The problem is that Wilson does not seem to give any space for common grace, the imago Dei, and the reality of “when Gentiles, who do not have the law, by nature do what the law requires … even though they do not have the law. They show that the work of the law is written on their hearts, while their conscience also bears witness, and their conflicting thoughts accuse or even excuse them” (Rom 2:14–15). This is what Greg Bahnsen referred to as “borrowed capital”—pagans borrowing biblical values in certain areas of their lives. Even though it is inconsistent with what they say they believe, pagans made in God’s image nevertheless sometimes take advantage of his common grace and do what the law requires.
Please don’t get me wrong. I absolutely do believe that the only grounding for successful living that makes consistent sense is one rooted in the authoritative truth of God’s holy Word and repentant faith in Jesus Christ. When it comes to eternal salvation, it’s Christ or chaos. Yet because all men are made in the image of God (Gen 1:27), because “the heavens are telling the glory of God” (Ps 19:1) and God’s “invisible attributes, namely, his eternal power and divine nature, have been clearly perceived, ever since the creation of the world, in the things that have been made” (Rom 1:20), and because God shows common grace even to the unjust (Matt 5:45), unbelieving people often reflect a transcendent morality in their lives that in actuality is inconsistent with their belief system.

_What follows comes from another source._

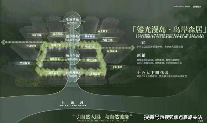 以“山水聚场”理念,规划“一环两轴十五园”景观布局,将水岸、岛屿、森林、花园、树屋作为园林节点,形成“行在景中、坐在岛中、游在林中、意在境中”的美学表达,营造出沉浸式山水活力场域。

“There can be no true liberty that is not grounded in transcendentals” (147). Agreed. “Secularism has no transcendent ground for anything” (138). That’s true for secularism. But even pagans throughout history have sought to build their political systems on transcendental realities, even though they could not fully account for those realities. I would quickly agree with Wilson that such philosophical grounding is inconsistent with pagan belief and makes most sense from within a biblical worldview, but nevertheless, what Quentin Faulkner has called pagan “world consciousness” is a far cry from Enlightenment secular nominalism. Pagan Greco/Roman thought embodied transcendental grounding for its political philosophy. Wilson believes that “Post-Christian secularists were using Christian capital” (146), and I agree, but other pagans throughout history have done similarly as they apply God’s law written on their hearts.
C. S. Lewis makes this observation in both Mere Christianity and The Abolition of Man, and in the latter he provides an appendix of many examples of civic laws from various nations around the world that are an embodiment of transcendent morality that ultimately comes from God. These are the very laws that we ought to be promoting and supporting in our own legal system. Pagans can recognize the wisdom of these laws and keep them, though in truth to do so is inconsistent with their own pagan worldview. In fact, as Lewis argues, the propensity of even pagans to recognize the wisdom of God’s moral law opens wonderful opportunities to preach the written Word to those pagans, offering them true freedom and righteousness in Christ.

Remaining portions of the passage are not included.